My breath stops. I taste the vacuum of space in my lungs. The air inside the command pit feels thicker now, electric.

“Isolde,” I whisper. The name is a blade. I feel it cut into me.

The screen blurs. The feed glitches and jumps back to wide-angle, the moment gone.

I lean back. My brain catches up slower than my lungs. My chest is hollow, yet roaring with things I cannot name.

Reflector’s voice reverberates. “Captain?—”

I don’t want to hear the “Captain” tag. Not now.

Instead, I say, “Keep recording. Archive all frames from this broadcast. Lock it. Do not leak. Understood?”

“Understood,” he says.

I turn from the console and into the hull’s pale light. My claws flex. I feel the metallic scent of the ship, the tang of burnt plating in the vent above. The Badlands around us rumble faintly—gravity waves, distant detonations.

I walk the corridor to the observation deck, boots heavy. The deck is empty. The hull hums around me. I stand before the viewport and stare into the black with the gold stars mocking.

Her face in the feed haunts me. Her child. My son?

My son.

The truth lands like an asteroid: she’s alive. He’s fathered. They exist in that orbit.

And I… I am here.

Breathing. Broken. Still fighting. Chasing shadows.

Fists unclench. I lift them to the glass, feel the cold press through. I press my forehead against it.

“Isolde…”

Suddenly, I can see again. Really see. And really Grok in fullness what’s become of my life.

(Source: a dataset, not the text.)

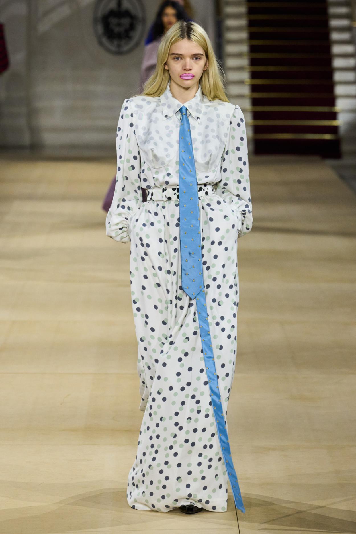 Andreas Kronthaler’s Fall-Winter 2025 collection for Vivienne Westwood presented a daring, genderless narrative that broke traditional archetypes. The runway showcased a blend of feminine and masculine styles, with female models wearing tailored, masculine designs alongside more feminine and sensual gowns, while male models embraced traditionally feminine looks. The collection featured long ties hanging down to the knees, voluminous long garments, wide-shouldered coats and blazers, and high, stacked hats typical of Englishmen. It also showcased a mix of patterns, including stripes, polka dots, and checks, highlighting Westwood’s iconic eclectic style. Kronthaler's collection celebrated a fluid approach to fashion, honoring Westwood’s legacy while pushing the boundaries of gender and style.

The crew reeks of anticipation.

Not the giddy kind. Not excitement. This is the thick, cloying scent of bloodlust. Greed. Desperation tangled with something older, meaner. A predator’s hum in the chest. Even before I open my mouth, I feel their eyes crawling over the viewport, watching the station grow bigger in our trajectory like it’s already cracked open and spilling guts.

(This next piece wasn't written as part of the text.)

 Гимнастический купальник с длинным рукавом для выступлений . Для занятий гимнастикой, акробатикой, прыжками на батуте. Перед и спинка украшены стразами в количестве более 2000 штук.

They think this is a raid.

And why shouldn’t they? I’ve taken them into worse for less. Looted mining colonies, corporate convoys, even gutted a Black Sun courier shuttle and came out with three crates of bonded credits and a barrel of oxygenated rum. But those were survival. Necessity. Vengeance, sometimes.

This isn’t that.

This is her.

I don’t say her name. Not in front of them. She’s mine. And I’ll be damned if I let them twist that name into something raw and profane with their beast mouths. But I see her face. Clear as a war flare in my mind. That defiant little chin. Those stubborn brown eyes. The fire she holds in her voice even when she’s scared outta her glitter-painted skin.

“Target acquired,” growls Thresk, my new comms deck officer, a Reaper defector with a back like a stone wall and eyes like a ruined church. “Station reads eighty-five percent civilian occupancy. The rest? Alliance security. Mall-grade. Soft.”

A murmur spreads. Hungry. Eager.

“You see that promenade?” sneers Crik from engineering, his lipless mouth split into something that might be a grin if you’ve never seen joy before. “Five luxury jewellers in the span of one docking bay. I can smell the platinum already.”